▶ **TO DO**:
Please restate each line of the material word for word and omit any pictures.
[Start of Attachment]
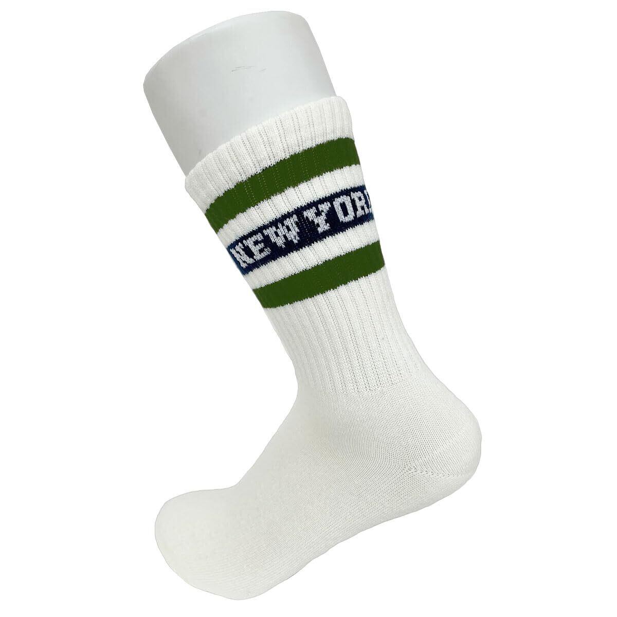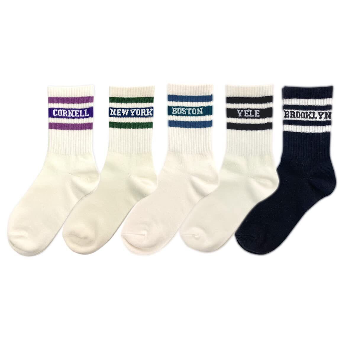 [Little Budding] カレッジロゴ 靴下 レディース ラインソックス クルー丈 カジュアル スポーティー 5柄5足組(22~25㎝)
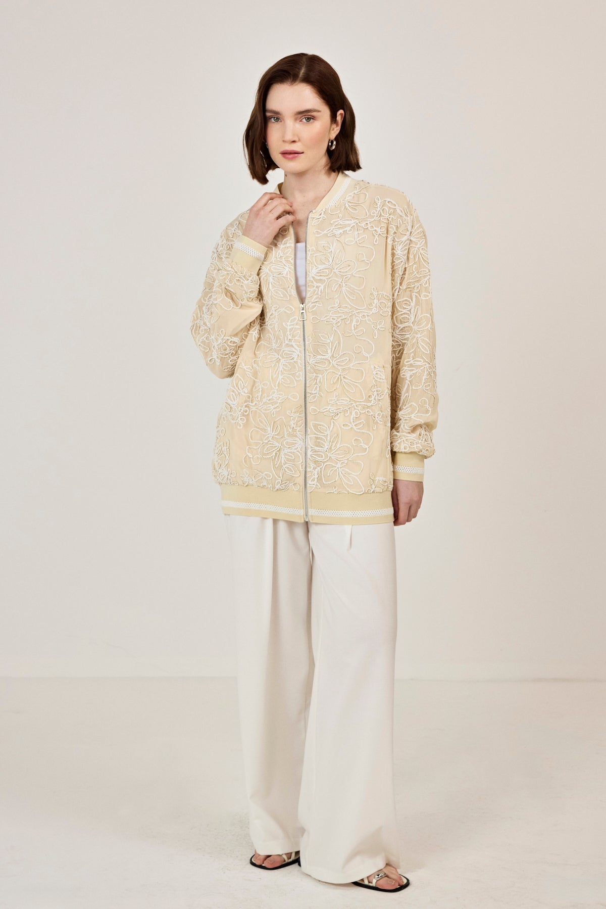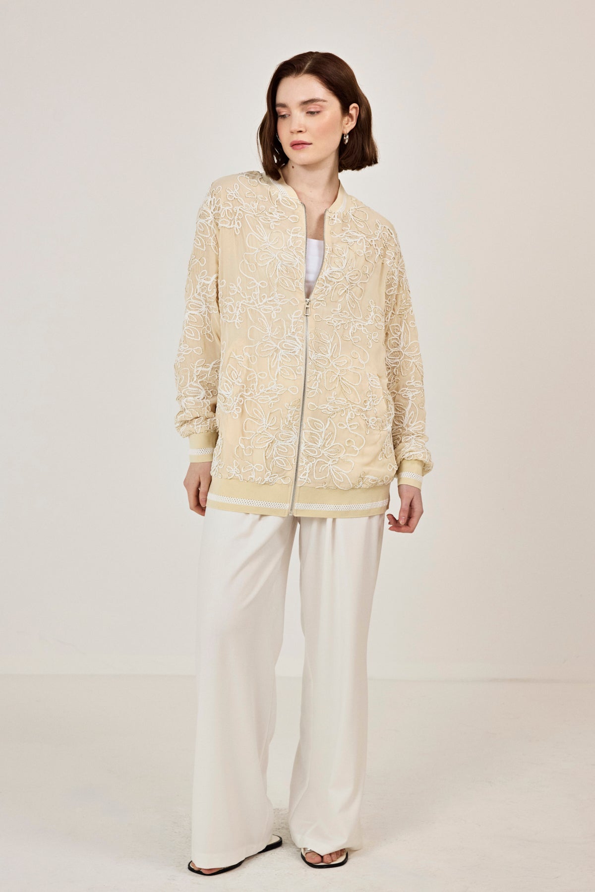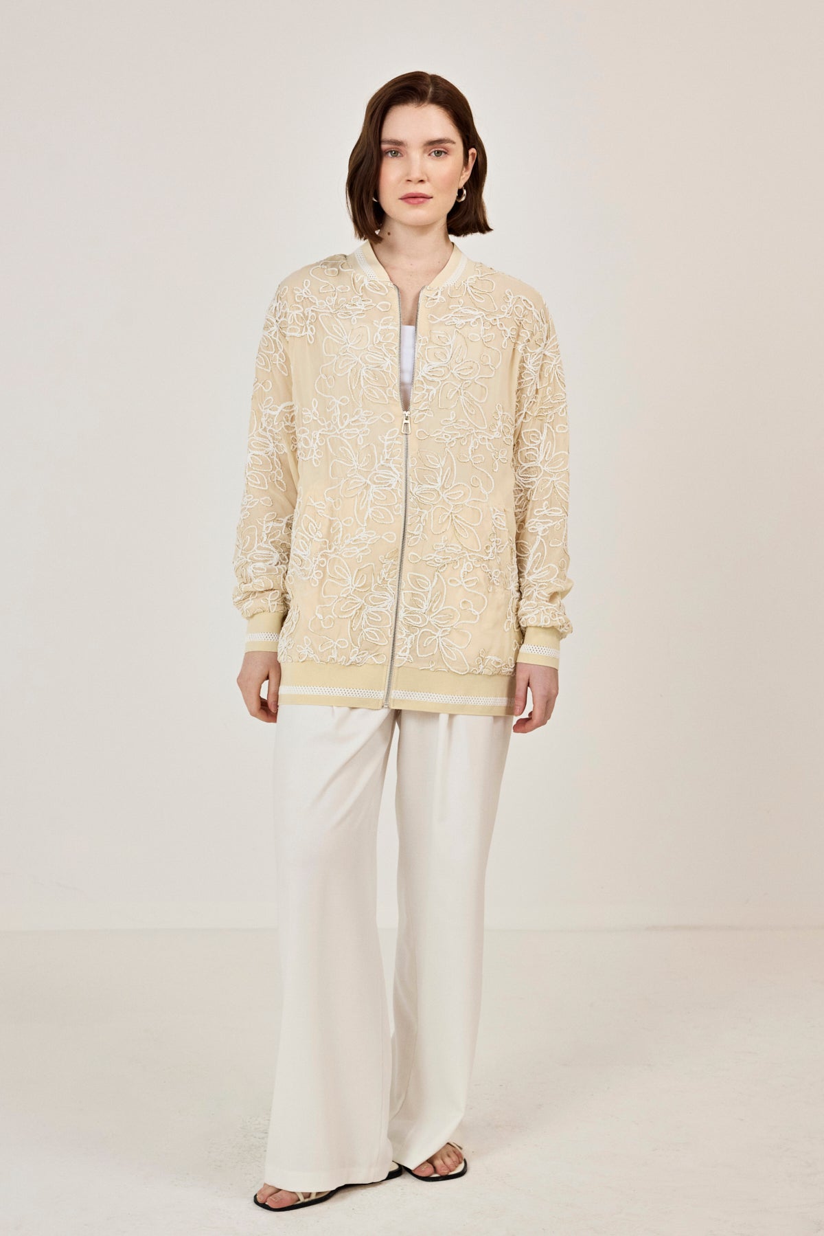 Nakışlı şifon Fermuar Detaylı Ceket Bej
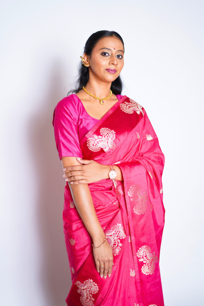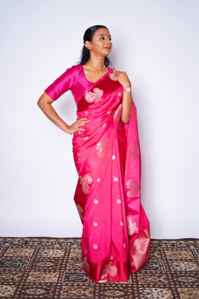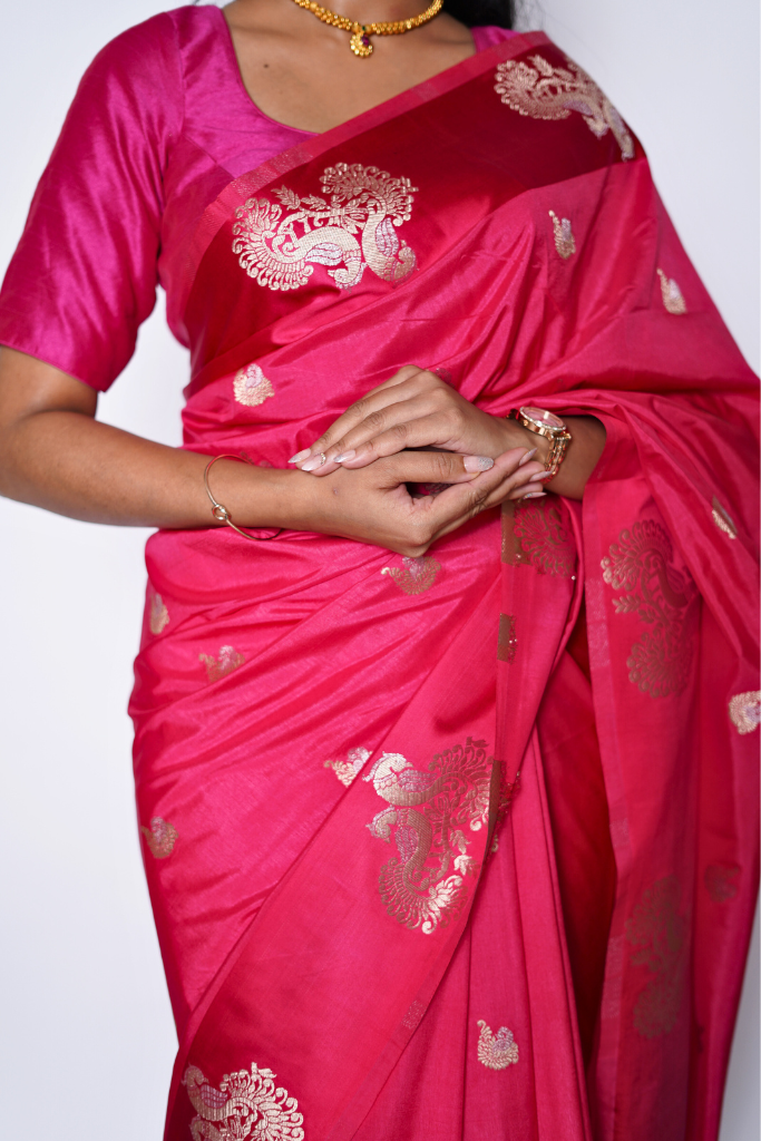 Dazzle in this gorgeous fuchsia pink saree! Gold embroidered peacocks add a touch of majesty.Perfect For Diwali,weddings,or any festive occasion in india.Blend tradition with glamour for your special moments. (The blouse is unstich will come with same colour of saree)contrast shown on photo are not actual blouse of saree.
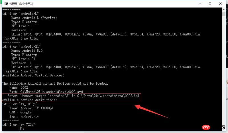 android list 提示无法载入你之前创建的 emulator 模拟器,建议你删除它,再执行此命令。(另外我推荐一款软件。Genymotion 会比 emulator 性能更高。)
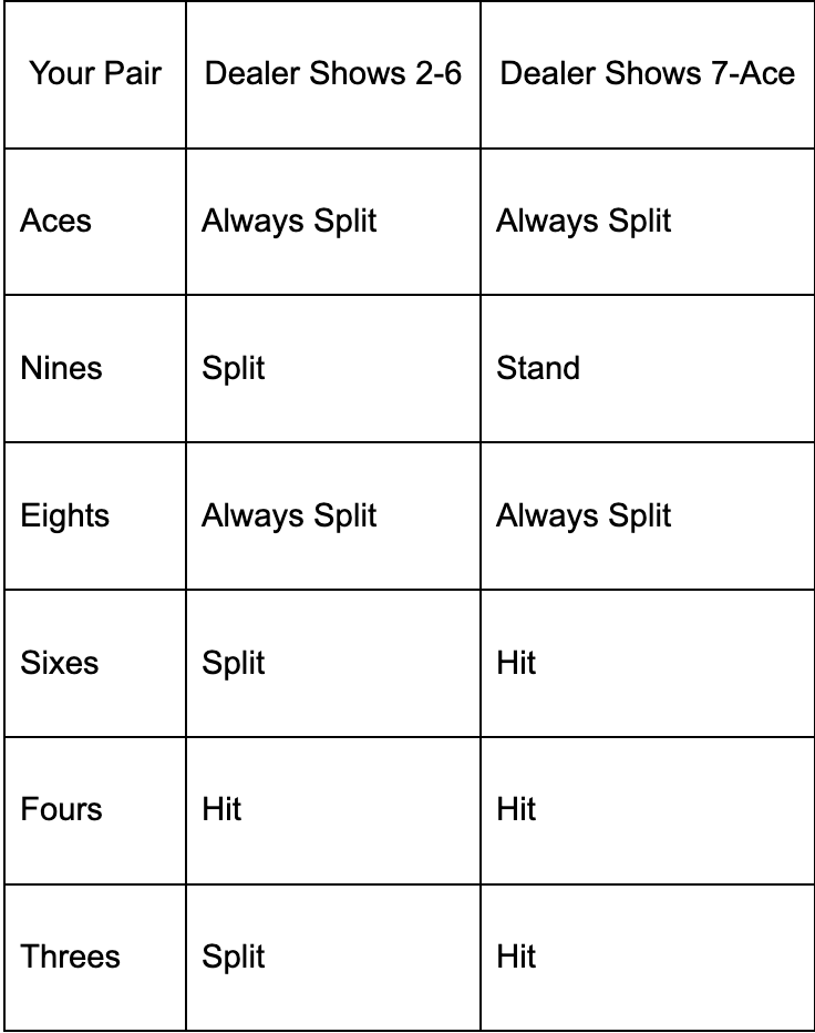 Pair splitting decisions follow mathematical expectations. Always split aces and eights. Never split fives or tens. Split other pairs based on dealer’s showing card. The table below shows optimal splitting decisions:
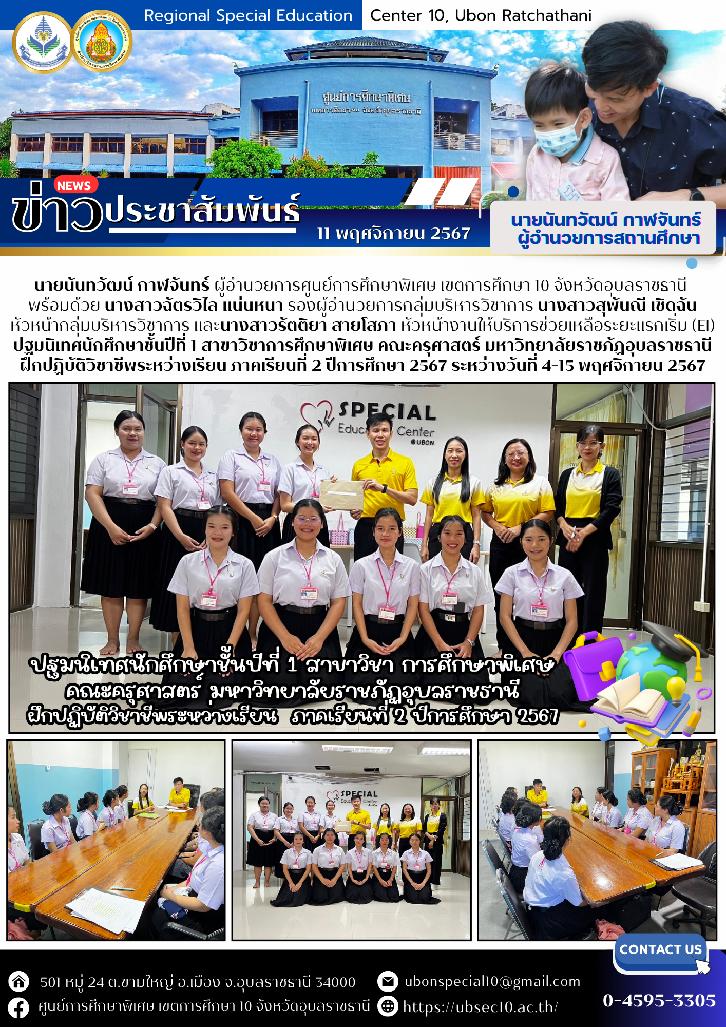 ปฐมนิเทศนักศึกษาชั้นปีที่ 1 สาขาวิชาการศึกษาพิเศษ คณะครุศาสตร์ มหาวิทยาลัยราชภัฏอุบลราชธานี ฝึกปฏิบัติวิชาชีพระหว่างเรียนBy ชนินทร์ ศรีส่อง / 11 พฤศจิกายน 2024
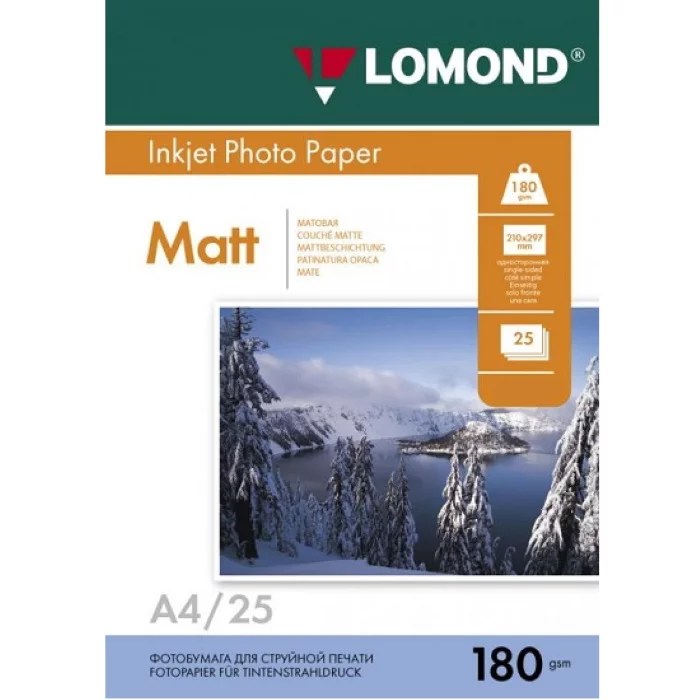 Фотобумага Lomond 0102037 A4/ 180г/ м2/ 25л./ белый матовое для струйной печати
[End of Attachment]
▶ **TASK OUTPUT**:
 [Little Budding] カレッジロゴ 靴下 レディース ラインソックス クルー丈 カジュアル スポーティー 5柄5足組(22~25㎝)
 Nakışlı şifon Fermuar Detaylı Ceket Bej
 Dazzle in this gorgeous fuchsia pink saree! Gold embroidered peacocks add a touch of majesty.Perfect For Diwali,weddings,or any festive occasion in india.Blend tradition with glamour for your special moments. (The blouse is unstich will come with same colour of saree)contrast shown on photo are not actual blouse of saree.
 android list 提示无法载入你之前创建的 emulator 模拟器,建议你删除它,再执行此命令。(另外我推荐一款软件。Genymotion 会比 emulator 性能更高。)
 Pair splitting decisions follow mathematical expectations. Always split aces and eights. Never split fives or tens. Split other pairs based on dealer’s showing card. The table below shows optimal splitting decisions:
 ปฐมนิเทศนักศึกษาชั้นปีที่ 1 สาขาวิชาการศึกษาพิเศษ คณะครุศาสตร์ มหาวิทยาลัยราชภัฏอุบลราชธานี ฝึกปฏิบัติวิชาชีพระหว่างเรียนBy ชนินทร์ ศรีส่อง / 11 พฤศจิกายน 2024
 Фотобумага Lomond 0102037 A4/ 180г/ м2/ 25л./ белый матовое для струйной печати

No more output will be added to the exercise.